Turkey’s 15 minutes under the stage lights appeared to over in August, as TL came under increasing pressure and stocks faced deluges of sell-orders week after week. Turkey’s CDS premia and FX denominated bonds did relatively better, but there, too, the  rally was clearly over.

 

Has Turkey failed investors once again, proving her ageless role as value trap for the naive?  The jury is still out, but the answer  is probably not–yet. Most of the drivers of poor performance appear to be related to universal Emerging Markets (EM) concerns, while Turkey’s austerity and reform story was marred not by signs of back-tracking by Erdogan, but rumors of economy czar Simsek’s resignation, still a popular topic in Turkish financial press, but warranting little merit.

Let’s start with the pressure on the TL.  A lot of is factually driven by EM woes:

“Latin American currencies dropped on Thursday as new data pointed to a stronger US economy, pushing up Treasury yields. Political concerns in Mexico and Brazil exacerbated the move”, reports Bloomberg.

“Elsewhere, the cost of borrowing Turkish liras overnight in the offshore market jumped on Thursday, as traders exited so-called carry positions amid a steady decline in the currency, continues to article.  Yet, the decline is not engineered by the Central Bank, which remains committed to the “strong TL” policy but  fleeting processes:

 

“This is a carry unwind, I think, not a portent of a fundamental or policy shift,” said Nafez Zouk, an emerging-market debt analyst at Aviva Investors Global Services Ltd. “To us, fundamentally, nothing has changed. The macro re-balancing remains on track.”

 

Moving on to equities, which lost close to 9% in value in USD terms in August, Bloomberg once again wrote an excellent article stating:

“In a month that saw global stocks roar back to almost all-time highs, Turkey stands out for its dismal performance as the combination of high interest rates and inflation erodes corporate profits.

Turkish investors say the big question is: how bad will the economic slowdown be? With benchmark interest rates at 50% and the country still suffering from inflation running at one of the highest rates in the world, companies are seeing the impact on their bottom line. Ata Investment, an Istanbul-based wealth manager, said it’s anticipating the Turkish companies it follows to report a 28% drop in net income this year.

“The outlook for Turkish stocks is still rather uncertain,” said Burak Cetinceker, a fund manager at Strateji Portfoy. “It’s not clear yet how much of the negative impact is priced in.”

Let me assure you, it is all priced in.  Turkish stocks are trading at a 60% discount to EM main index, and at a P/E ratio significantly lower vis-a-vis their long term average.

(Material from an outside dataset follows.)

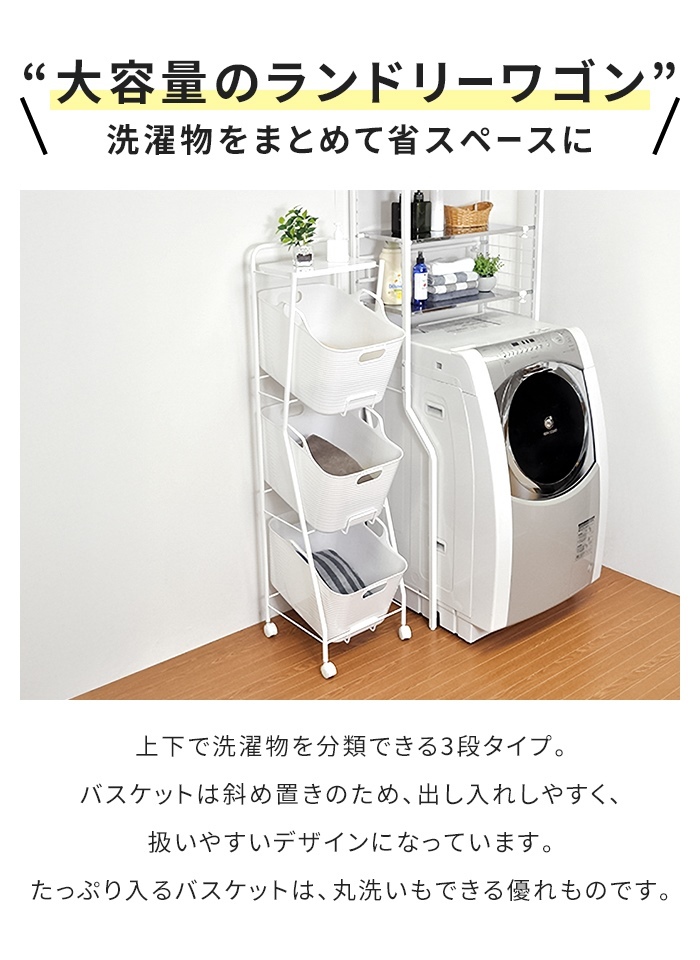 | ランドリーワゴン バスケット付き 3段 幅38 高さ97.5cm キャスター付き 洗濯かご 洗濯物入れ 収納ワゴン 大容量 便利 ランドリーバスケット ランドリーラック ランドリー収納 キャスター付きワゴン バスケットワゴン 脱衣かご 隙間収納 収納用品 天板付き 洗濯物 シンプル 脱衣所 洗面所 日本製 国産 燕三条 |

Retailers will continue to exit the market because TL deposit rates will remain lucrative vs USD and expected equity returns  for the rest of the year, but foreign funds are already returning to the hunting ground with a small net purchase in precious’s week data, after selling $2.9 billion in the three months through Aug. 16, according to data from the central bank.

 

Of course, it is foolish to argue that any EM stock market can withstand the huge tsunami to be created if stronger than expected US data,  such as Thursday’s GDP print, but Borsa Istanbul’s huge discount does act as a bulwark against further downsides.

 

But is there an upside either for the currency or the equities?  Yes, several, though none with strong probabilities attached to them. First Mehmet Simsek   is not going anywhere. Erdogan remains committed to him, though whether he will approve Simsek’s request of further budget cuts and tax raises in September remains to be seen.  Simsek retaining his post will act as an hedge against further downsides. Erdogan doing the unexpectable and signing under further fiscal retrenchment will trigger a huge rally, which may easily propel the main index to its previous high, producing an approximately 20% USD gain in a couple of weeks.

 

Carry trade flows have no reason to abandon Turkey, because there is not enough evidence Central Bank is ready or willing to cut rates any time soon.  As the linked PATurkey  article states:  “In August 2024, 12-month-ahead annual inflation expectations decreased by 1.3 points to 28.7 percent for market participants and by 1.2 points to 53.8 percent for real sector, while increased by 1.1 points to 73.1 percent for households”, in surveys conducted by CB.

 

Central Bank governors Fatih Karahan and his deputy Cevdet Akcay had stated in numerous interviews that the household and real sector inflation expectations data will be considered prominently in judging the appropriateness of looser monetary policy.  Clearly, with both measures hovering at or  above the 50% policy rate (62% in compounded annualized terms), monetary policy is relatively loose, removing rate cuts from the picture soon.